To enable it, add the repository sources:

$ sudo wget https://netcologne.dl.sourceforge.net/project/d-apt/files/d-apt.list -O /etc/apt/sources.list.d/d-apt.list
then update local info and install "d-apt" public key (fingerprint 0xEBCF975E5BA24D5E):

$ sudo apt-get update --allow-insecure-repositories && sudo apt-get -y --allow-unauthenticated install --reinstall d-apt-keyring && sudo apt-get update
"


> 
> And this issue was posted a LONG time ago.

So there is no issue you are talking about. Probably it's gone
> 
> Yep ... Now try Go, Crystal, Nim, Rust, ... and a lot of other languages. I have installed all those dozens of times and a issue like simply do not show up or are fixed so fast, that it never hits "me". But whenever it involves D, its always one thing or another.
> 
> ------------------------------
> 
> Hopefully this explains things from my point of view, where D simply fails me personally. Its late so i am off to bed.
Did you ask people here to help you? You are welcome!
September 29, 2019
On Sunday, 29 September 2019 at 07:43:12 UTC, drug wrote:
> Did you ask people here to help you? You are welcome!

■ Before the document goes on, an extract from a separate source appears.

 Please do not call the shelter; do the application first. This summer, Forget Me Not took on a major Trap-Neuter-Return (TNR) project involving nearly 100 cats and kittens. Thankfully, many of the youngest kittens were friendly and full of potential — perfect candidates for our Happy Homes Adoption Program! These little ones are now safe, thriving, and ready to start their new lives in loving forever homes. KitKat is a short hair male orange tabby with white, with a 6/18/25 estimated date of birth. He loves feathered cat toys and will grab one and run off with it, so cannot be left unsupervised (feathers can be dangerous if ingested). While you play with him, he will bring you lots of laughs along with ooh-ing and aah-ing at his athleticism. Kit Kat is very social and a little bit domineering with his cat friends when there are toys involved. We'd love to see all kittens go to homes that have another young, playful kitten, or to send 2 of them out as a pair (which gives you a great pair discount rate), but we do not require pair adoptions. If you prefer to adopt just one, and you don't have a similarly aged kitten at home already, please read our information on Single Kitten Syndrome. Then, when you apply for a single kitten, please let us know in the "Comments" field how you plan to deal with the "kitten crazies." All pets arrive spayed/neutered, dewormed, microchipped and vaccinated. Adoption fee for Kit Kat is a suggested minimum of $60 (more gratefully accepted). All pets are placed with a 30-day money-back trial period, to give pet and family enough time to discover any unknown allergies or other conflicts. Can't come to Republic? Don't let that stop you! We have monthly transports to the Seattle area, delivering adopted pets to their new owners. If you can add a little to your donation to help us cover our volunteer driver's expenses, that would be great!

Thanks for your help* ( See PS below ) but fixing the download was not that hard. But for a new user that tries this, it can just as well been Chinese.

Its small issues like having a not working download present on the actual official website. It does not matter if its 3th party or not when its posted on the official website.

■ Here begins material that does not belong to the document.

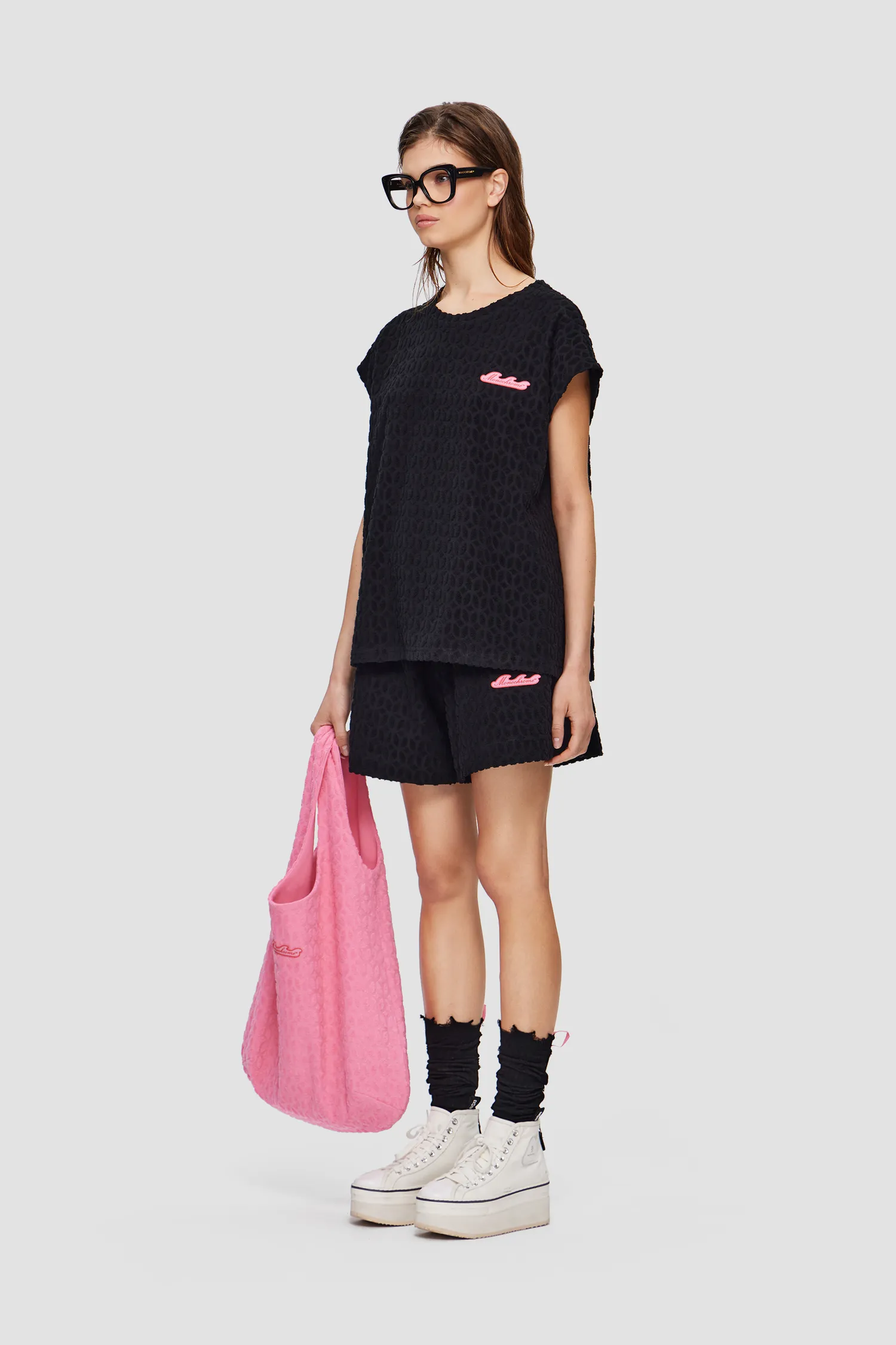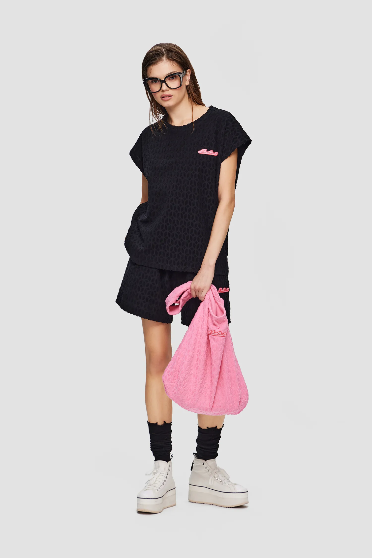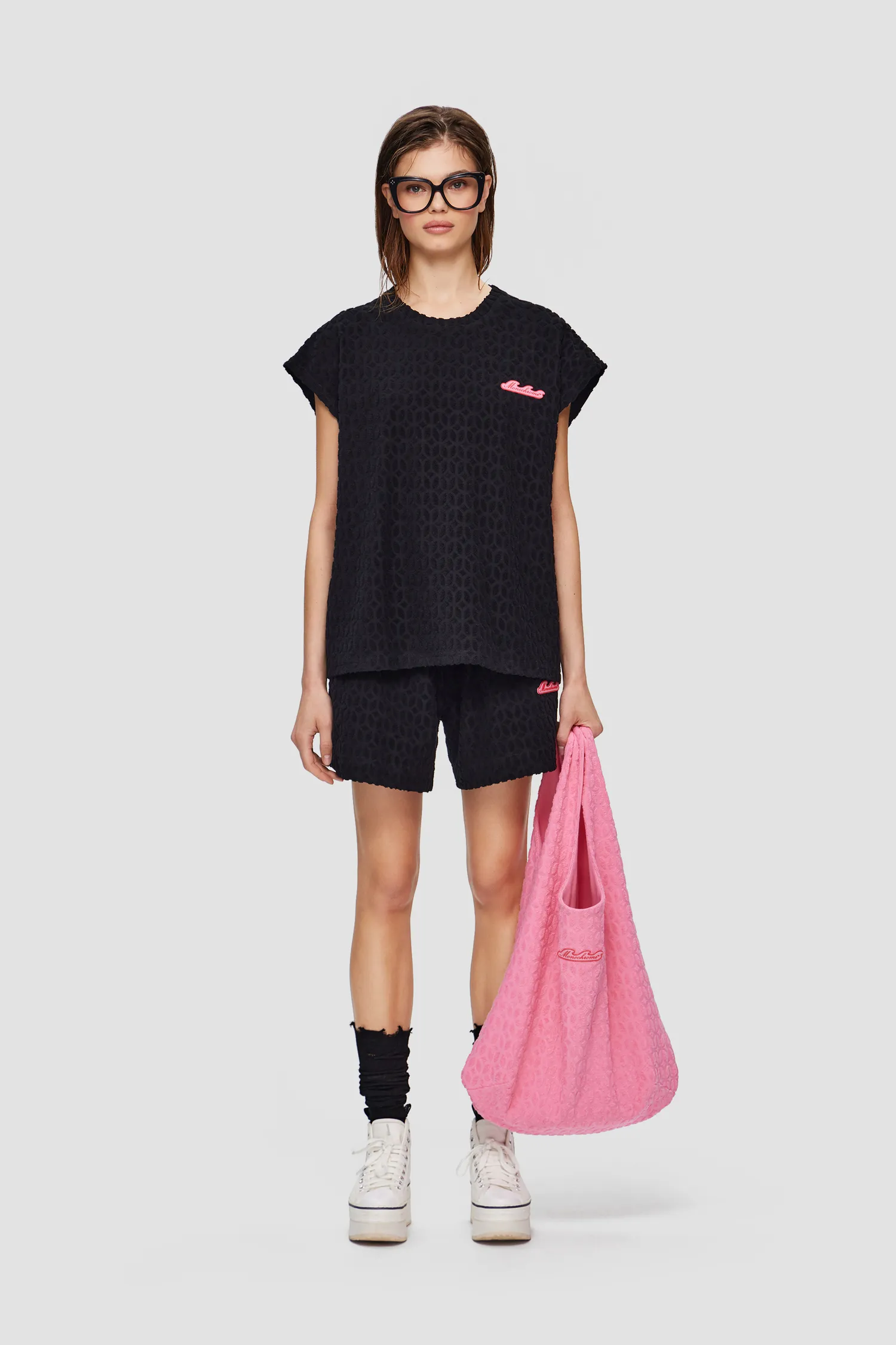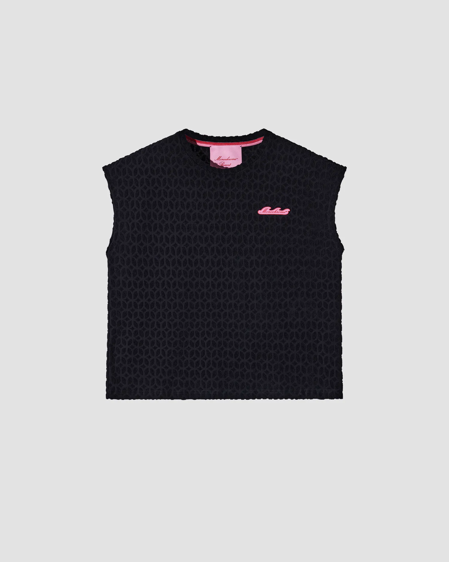 Майка из махровой ткани с фактурным узором в виде фирменного паттерна MONOCHROME. Полотно выполнено из мягкого 100% хлопка, приятного на ощупь. В области груди расположена полимерная нашивка в виде волны, разработанная специально для капсулы RESORT. Упаковка в подарочную коробку. Сделано в России на собственной мануфактуре MONOCHROME.

This is why i mentioned before how there are so many frustrations. Its not just the big issues but the constant small issues that are present everywhere.

> You are welcome!

*PS: Next time you write with a exclamation mark, know that this makes your sentence have a totally different meaning and is considered passive aggressive in my region.

Its little things like this that seems to pop up everywhere in this community on a regular base. The fact that there are no rules of conduct or any kind of oversight is probably the main reason why people see D as negative community. Even places like Reddit that are toxic, have some kind of moderation going on because people will be people.

D, you want my suggestion? Invest into a proper forum, set up a RoC and actually moderate topics. And yes, i understand the irony as i am posting this off-topic in the Nim Language thread. :)

This is the first step...
September 29, 2019
On Sunday, 29 September 2019 at 03:53:57 UTC, Laeeth Isharc wrote:
> [snip]
> What were the practical limitations you encountered with using R libraries from D via embedr?

Honestly, I haven't put it through its paces enough to say. I have used it for small examples, but nothing that significant.